Recent breakthroughs in artificial intelligence have enabled large language models, like ChatGPT, to generate engaging conversation, write poetry, and even pass medical school exams. This emerging technology promises to have major implications, both good and bad, in the workplace and in day-to-day life. But despite its impressive capabilities, research has shown that large language models don’t think like humans.
In order to better understand the capabilities and limitations of these systems, my student Zhisheng Tang and I studied their “rationality”. That is, we wanted to see if the models could make decisions that maximized expected gain, a skill which is essential for humans, organizations, and AI in decision making processes. Our experiments showed that, in their original form, the models do behave randomly when presented with bet-like choices. However, we were surprised to find that by providing just a few examples of proper decision making, such as taking heads in a coin toss situation, the models could be taught to make relatively rational decisions. Ongoing research on ChatGPT, a far more advanced model, has failed to replicate our findings, but it remains an interesting area to explore.
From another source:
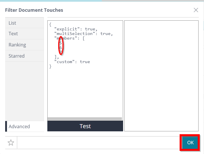 Edit the number of Touches you wish to include and click 'OK' to close the Filter Editor.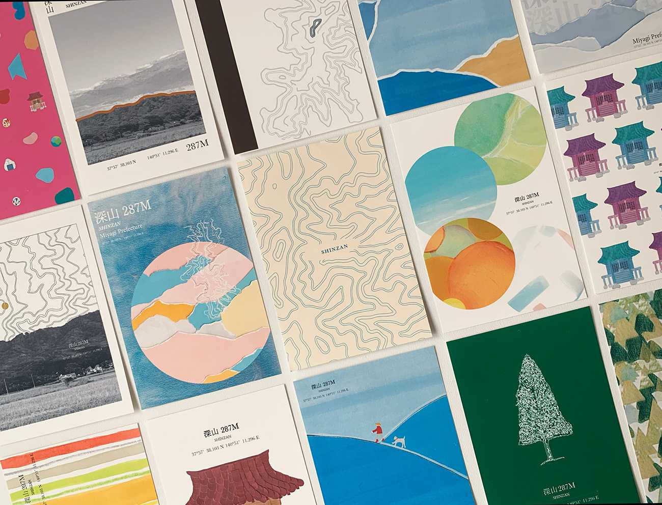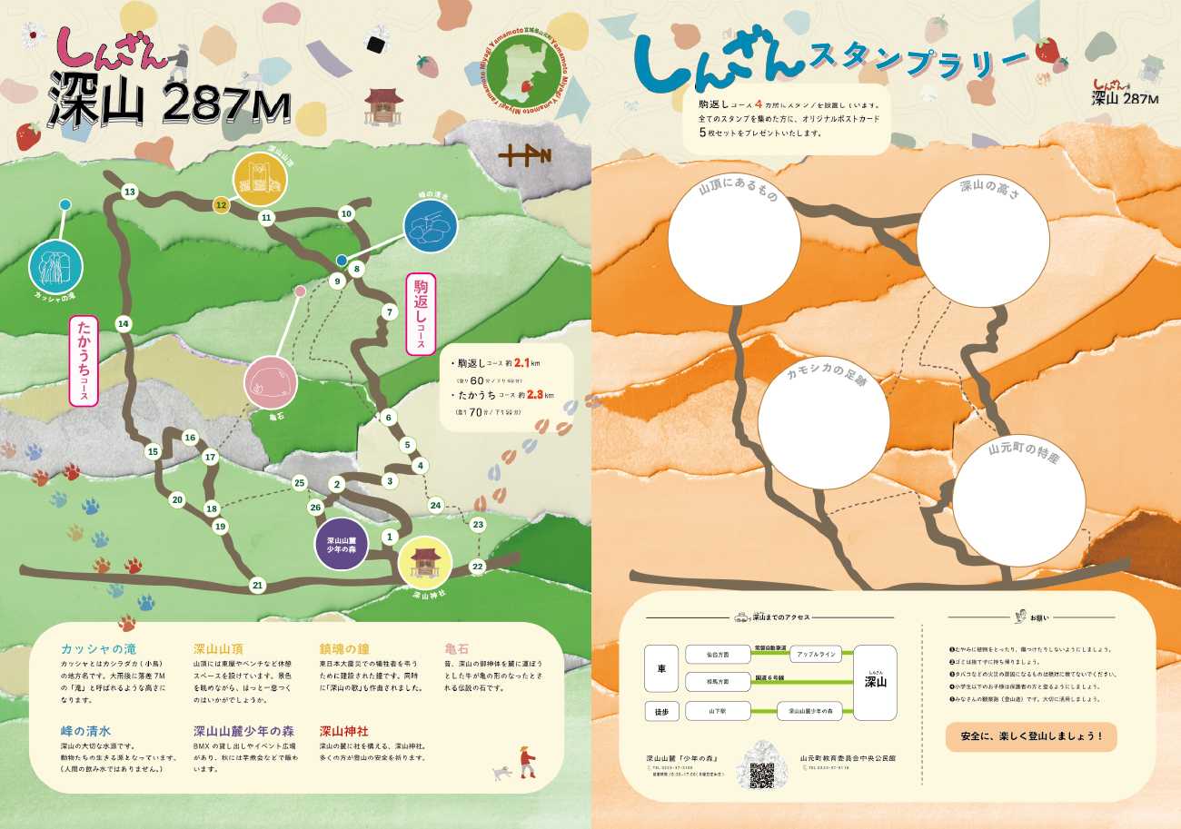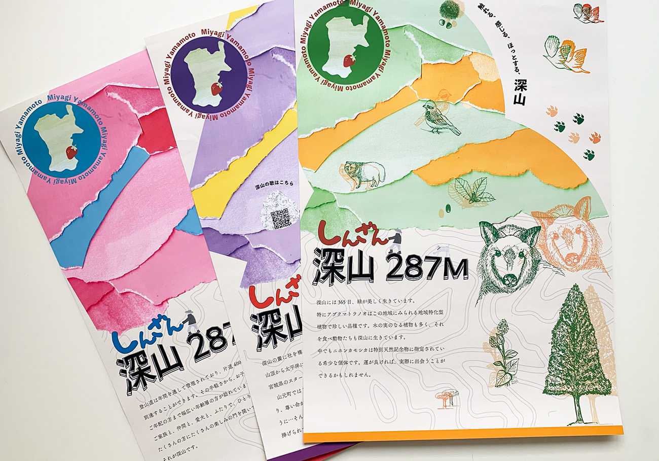 そんな深山の魅力を知っていただくために、冊子や地図掲載のリーフレット、ポスターなどの制作に加え、さらに楽しんでいただけるようスタンプラリー企画も考案しました。また、スタンプラリーに●していただいた際の景品として、風景や動植物など、さまざまなデザインのポストカードを用意しました。

Our findings suggest that if large language models are used for decision-making in situations where high stakes may be involved, extra caution must be taken. Human intervention could be essential in order to ensure that the AI systems are making rational choices. This is especially true when faced with complex situations such as those experienced during the COVID-19 pandemic, where AI could have made a dramatic difference if it was able to properly weigh costs and benefits.
Google’s BERT, one of the earliest large language models, has been integrated into the company’s search engine, leading to its being known as BERTology. Researchers in this field have also been inspired by cognitive science and the early research in the 1920s by Edward Sapir and Benjamin Lee Whorf on the impact of language on thinking. There is some evidence, for instance, from studies of the Zuñi tribe, that those who speak a language without separate words for different colors can’t distinguish them as effectively as those who do.
While our research has only begun to scratch the surface, the importance of understanding the decision-making of large language models shouldn’t be underestimated. By observing the behavior and biases of these systems, it is possible to gain invaluable insight into the intersection of language and cognition and create systems that can truly think like humans.